4.2. Parallel models for SpecTcl

This section will consider two parallel models for SpecTcl. In both models, the worker processes analyze work items sent by the rank 0 process and, at the end of analysis, are queried for their spectra.

The model we will consider in the next chapter uses work units that are a single block of complete ring items. In that model, the rank 0 process has a file data getter, and an mpidistributor while all other processes have an mpi data getter and an analyzer distributor.

Each block of data is distributed to the next requestor. Each process that is not rank 0 is given the entire configuration file and independently histograms. When analysis is completed, spectra are gathered from the non rank 0 workers and summed into the rank 0 process from which they can be written.

This model should scale linearly until I/O limitations bottleneck the computation. Note that included in the I/O limitations are file read performance and communication costs between the workers and the rank 0 process. This process is, most often, suitable. We'll call this model serial I/O parallel computation

If the files to be analyzed are scattered across multiple servers, parallel I/O can be performed. This model Parallel I/O parallel computation can be implemented without using the additional getter/distributors in the mpispectcl package. It should scale up to the aggregate I/O bandwidth.

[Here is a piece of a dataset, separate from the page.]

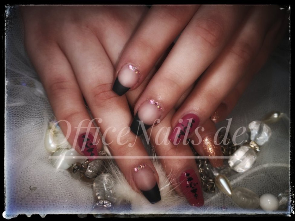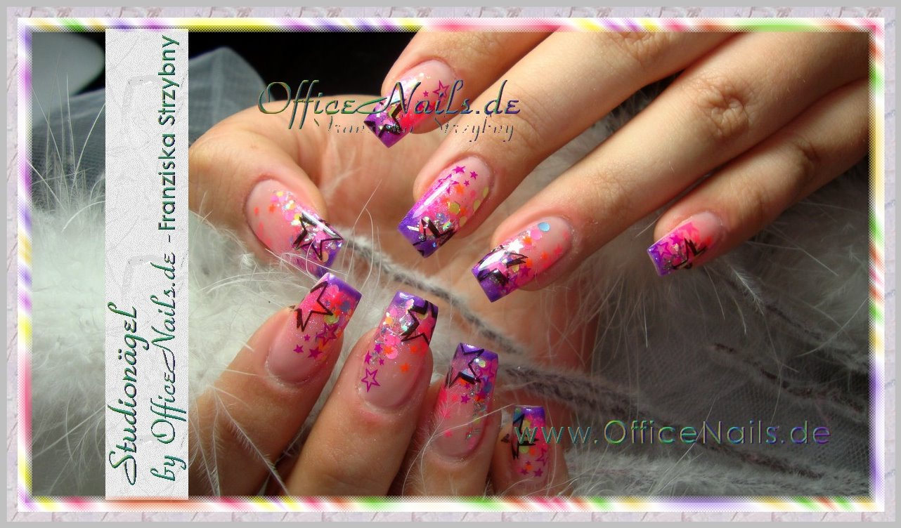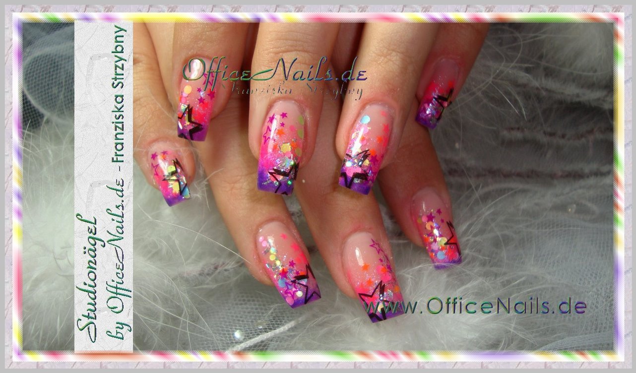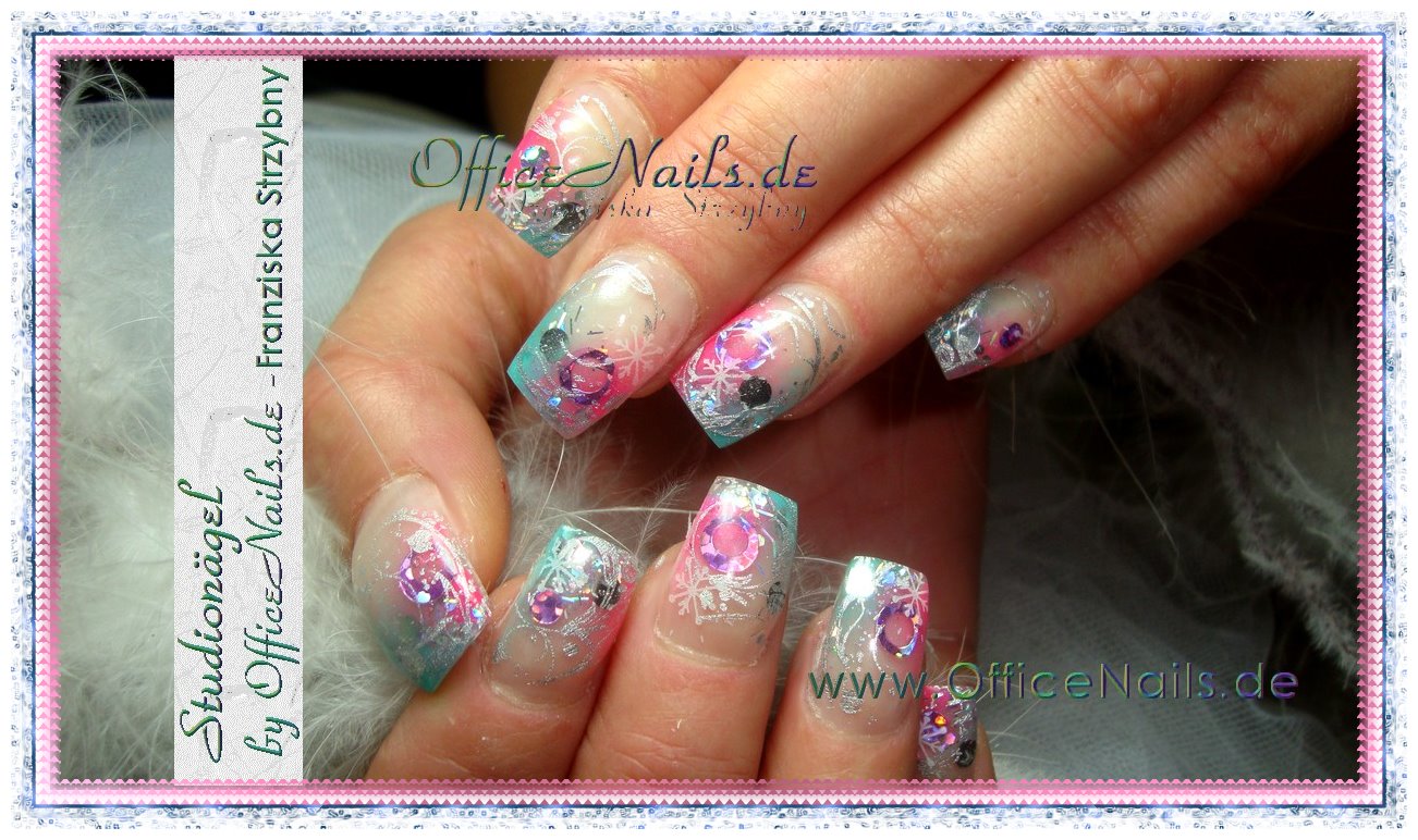 Pinkes French hier mit apricot und Glitter, zarte Ranken oben auf.

In this second model, all non rank 0 processes are independent batch Spectcls with the exception that the rank 0 process feeds each of them a set of files to analyze.

Since traffic shaping is important, each worker might be given a set of files that are on one server. The files are serially analyzed by each non rank 0 process and, when each process is done, it notifies the rank 0 process which collects the spectra from that process summing it into the spectra it has. When all workers are done, the rank 0 process can save spectra.

This model has more limited application as it requires data to be distributed in some manner on the network. It is possible and relatively simple to implement.